= Beginning of Section =
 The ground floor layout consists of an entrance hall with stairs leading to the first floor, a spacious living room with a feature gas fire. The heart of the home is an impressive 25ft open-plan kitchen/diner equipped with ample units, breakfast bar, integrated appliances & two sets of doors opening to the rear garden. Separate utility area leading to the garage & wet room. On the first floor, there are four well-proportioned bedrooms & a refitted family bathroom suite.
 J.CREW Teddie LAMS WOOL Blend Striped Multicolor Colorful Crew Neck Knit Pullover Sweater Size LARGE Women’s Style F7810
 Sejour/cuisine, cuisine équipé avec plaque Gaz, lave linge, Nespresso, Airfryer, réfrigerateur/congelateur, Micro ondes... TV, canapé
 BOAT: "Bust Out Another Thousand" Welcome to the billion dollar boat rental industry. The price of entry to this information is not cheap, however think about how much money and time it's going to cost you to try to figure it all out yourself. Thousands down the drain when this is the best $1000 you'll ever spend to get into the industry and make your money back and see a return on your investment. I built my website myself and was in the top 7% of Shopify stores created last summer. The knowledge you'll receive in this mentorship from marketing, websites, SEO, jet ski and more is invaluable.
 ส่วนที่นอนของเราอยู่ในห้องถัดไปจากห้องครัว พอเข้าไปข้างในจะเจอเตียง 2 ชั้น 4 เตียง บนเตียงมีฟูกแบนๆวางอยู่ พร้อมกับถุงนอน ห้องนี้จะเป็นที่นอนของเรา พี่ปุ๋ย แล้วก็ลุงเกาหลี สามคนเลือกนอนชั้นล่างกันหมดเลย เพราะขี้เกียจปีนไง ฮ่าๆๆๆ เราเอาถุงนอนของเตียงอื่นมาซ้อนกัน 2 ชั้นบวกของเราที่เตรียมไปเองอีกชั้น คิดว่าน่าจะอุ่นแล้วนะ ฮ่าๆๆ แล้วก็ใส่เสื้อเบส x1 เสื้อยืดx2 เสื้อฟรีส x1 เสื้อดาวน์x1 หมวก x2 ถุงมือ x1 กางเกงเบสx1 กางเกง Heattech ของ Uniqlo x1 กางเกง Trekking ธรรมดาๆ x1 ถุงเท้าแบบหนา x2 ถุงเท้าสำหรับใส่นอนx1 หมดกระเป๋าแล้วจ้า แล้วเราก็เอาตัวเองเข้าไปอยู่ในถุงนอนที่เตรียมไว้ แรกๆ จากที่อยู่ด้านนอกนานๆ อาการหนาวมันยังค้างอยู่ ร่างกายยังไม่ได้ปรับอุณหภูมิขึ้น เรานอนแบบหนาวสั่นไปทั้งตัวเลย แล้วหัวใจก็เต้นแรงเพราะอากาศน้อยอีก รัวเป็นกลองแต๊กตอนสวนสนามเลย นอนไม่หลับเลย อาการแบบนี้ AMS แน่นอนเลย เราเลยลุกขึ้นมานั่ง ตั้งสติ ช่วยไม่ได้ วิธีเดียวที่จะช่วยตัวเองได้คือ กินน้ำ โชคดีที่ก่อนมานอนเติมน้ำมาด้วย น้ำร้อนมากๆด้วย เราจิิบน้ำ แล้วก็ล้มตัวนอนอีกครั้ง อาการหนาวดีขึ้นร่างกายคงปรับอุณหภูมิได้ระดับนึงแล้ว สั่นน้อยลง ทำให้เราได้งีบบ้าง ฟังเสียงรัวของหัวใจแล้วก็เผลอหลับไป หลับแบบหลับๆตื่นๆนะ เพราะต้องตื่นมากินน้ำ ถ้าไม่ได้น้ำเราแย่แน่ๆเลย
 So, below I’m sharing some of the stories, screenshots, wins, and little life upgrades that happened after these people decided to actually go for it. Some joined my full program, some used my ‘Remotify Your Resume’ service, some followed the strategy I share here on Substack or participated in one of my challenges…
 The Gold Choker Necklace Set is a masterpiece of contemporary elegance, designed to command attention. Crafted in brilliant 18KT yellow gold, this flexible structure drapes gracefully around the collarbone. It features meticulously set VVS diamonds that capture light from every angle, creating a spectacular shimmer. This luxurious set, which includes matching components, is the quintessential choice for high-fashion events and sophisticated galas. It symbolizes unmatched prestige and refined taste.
= End of Section =
= Beginning of Section =
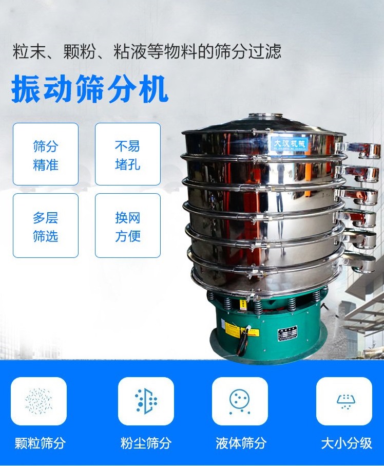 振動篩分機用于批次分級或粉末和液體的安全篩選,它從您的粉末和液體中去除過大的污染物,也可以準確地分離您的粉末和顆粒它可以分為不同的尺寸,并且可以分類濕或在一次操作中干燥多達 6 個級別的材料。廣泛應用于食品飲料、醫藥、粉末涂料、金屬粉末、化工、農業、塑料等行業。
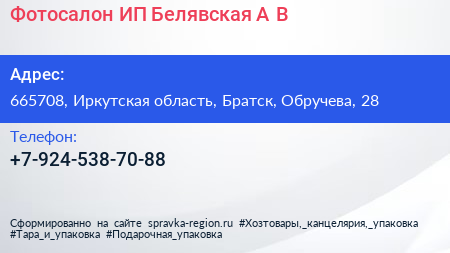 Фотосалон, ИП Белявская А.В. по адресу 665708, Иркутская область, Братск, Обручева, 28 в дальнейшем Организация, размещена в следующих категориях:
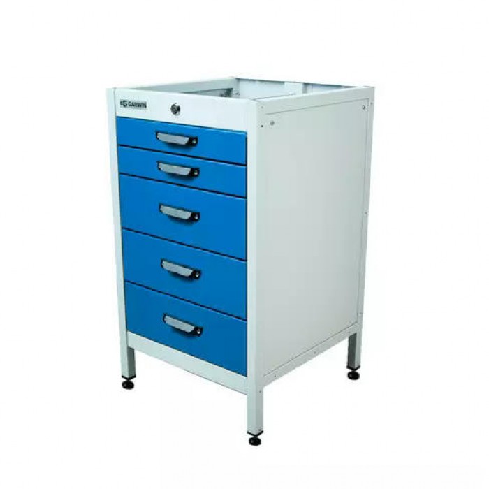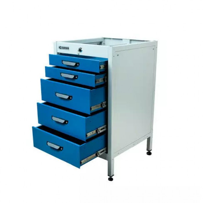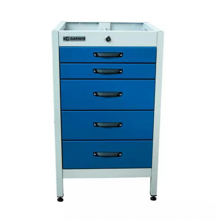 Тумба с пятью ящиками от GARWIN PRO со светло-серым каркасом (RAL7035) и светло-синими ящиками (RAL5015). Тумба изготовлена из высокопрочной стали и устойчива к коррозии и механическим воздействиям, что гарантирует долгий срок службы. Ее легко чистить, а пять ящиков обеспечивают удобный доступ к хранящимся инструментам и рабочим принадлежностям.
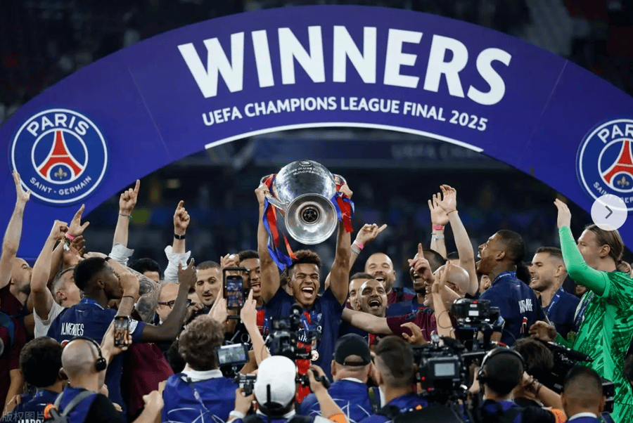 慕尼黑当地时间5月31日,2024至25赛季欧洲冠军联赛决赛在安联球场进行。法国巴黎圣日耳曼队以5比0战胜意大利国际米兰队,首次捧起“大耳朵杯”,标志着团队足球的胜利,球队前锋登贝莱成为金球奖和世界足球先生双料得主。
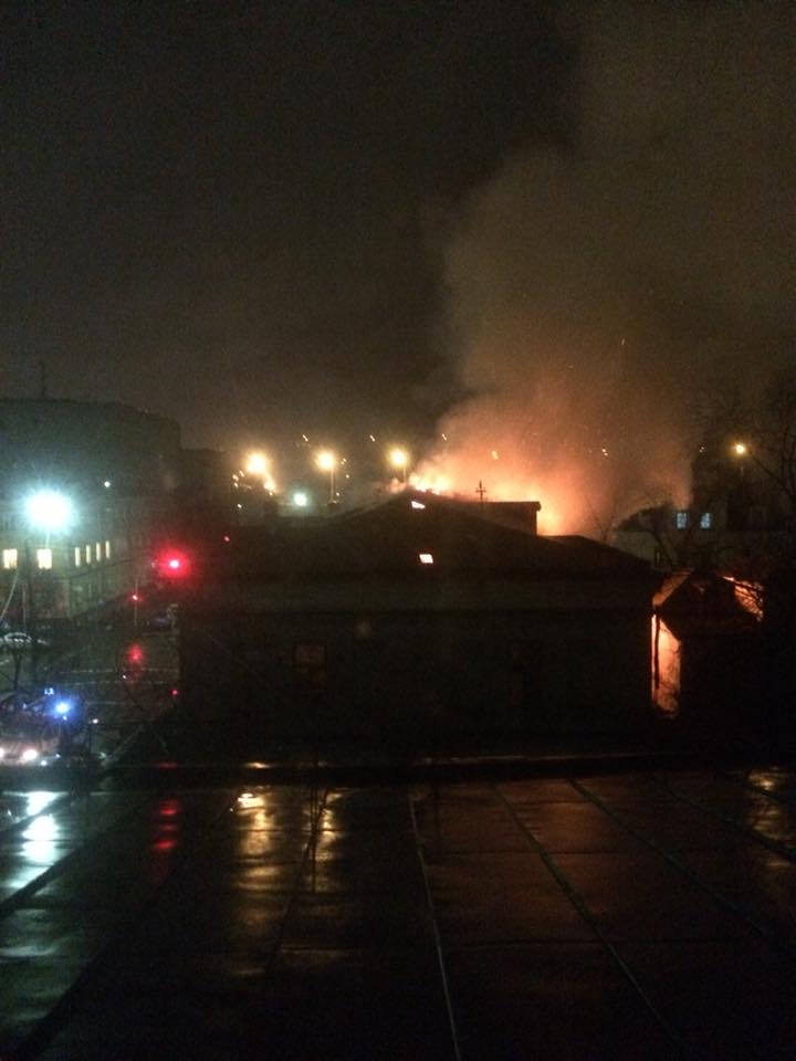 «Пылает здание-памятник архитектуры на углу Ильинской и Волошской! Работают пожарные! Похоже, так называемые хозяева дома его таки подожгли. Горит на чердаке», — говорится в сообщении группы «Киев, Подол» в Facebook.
= End of Section =
= ACTION ITEM =
Lines containing the string "this" are the ones to copy from the entries above.

= WRITTEN REPLY =
 BOAT: "Bust Out Another Thousand" Welcome to the billion dollar boat rental industry. The price of entry to this information is not cheap, however think about how much money and time it's going to cost you to try to figure it all out yourself. Thousands down the drain when this is the best $1000 you'll ever spend to get into the industry and make your money back and see a return on your investment. I built my website myself and was in the top 7% of Shopify stores created last summer. The knowledge you'll receive in this mentorship from marketing, websites, SEO, jet ski and more is invaluable.
 The Gold Choker Necklace Set is a masterpiece of contemporary elegance, designed to command attention. Crafted in brilliant 18KT yellow gold, this flexible structure drapes gracefully around the collarbone. It features meticulously set VVS diamonds that capture light from every angle, creating a spectacular shimmer. This luxurious set, which includes matching components, is the quintessential choice for high-fashion events and sophisticated galas. It symbolizes unmatched prestige and refined taste.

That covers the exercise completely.